I value the reports I get here, and familiar names that repeatedly surface with first hand info since they either ride there a lot, or live there. Do I base my decisions on everything they say? No, but their views are combined with my experiences and risk evaluation and I make my decision. I missed a shoot out between the feds and cartels by about 15 minutes in March on hwy #200, so maybe I'm more cautious than most.
So if this is BS - it matters because even one report can be valueable. A couple months ago there was another report here about a guy getting chased on #200 hwy, and he got away. To me his report was totally legit. So is this becoming a trend? I don't know. I'm willing to take the random risk of getting caught up in a feud between the feds and cartels, but when gringos are targets on bikes, that takes on a new meaning for me.
I don't have my maps here in BC at the moment, but looking at the internet there seems to be quite a few towns on the OP's route back to the USA, and I confess I have never been on that route, but, I don't know how you manage topes, lights, dogs, cars, etc at 100 MPH. I'm not sayin it didn't happen, but it seems like there are a few holes to be filled.

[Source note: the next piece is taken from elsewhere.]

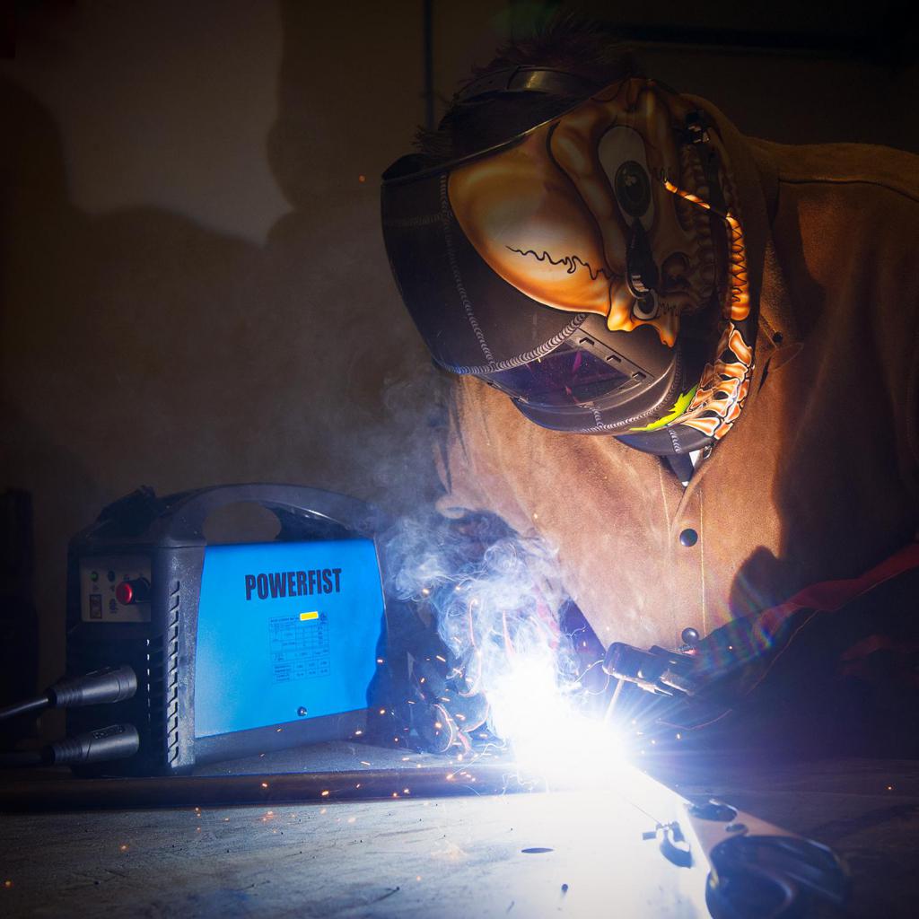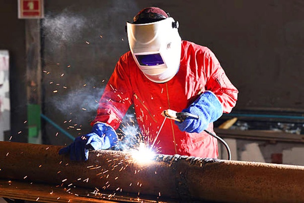 Маска с темным стеклом защищает глаза от слепящего света, возникающего при сваривании. Рукавицы и костюм из негорючих материалов закрывают кожу от брызг металла и искр.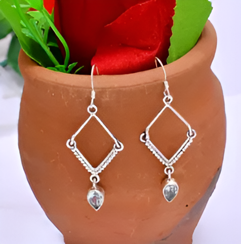 Beautiful Designer 925 Sterling Silver Pear Topaz Dangle Earrings Silver Plated Romantic Fashionable Earring for Wedding, Gift.

I'd just like to know what I'm reading is in the realm of reality, so if we do get further info, from either the OP or others, it would be nice to hear.
Please don't take it as offensive when I say, "Please do!" Mexico needs you and your ilk. "With all due respect."
Seriously? C'mon, think about that. Or, if you prefer not to think, read just a couple of the threads from our fellow GS riders.
Oh, how I'd like to say we're an overwhelmingly cerebral crew, but I can't do it.
I mean, you and I are geniuses...it's the other 99% that I'm not so sure about.
I guess I'm saying that as much as I respect education and grammar, idiom does not make the adventure rider. Truly.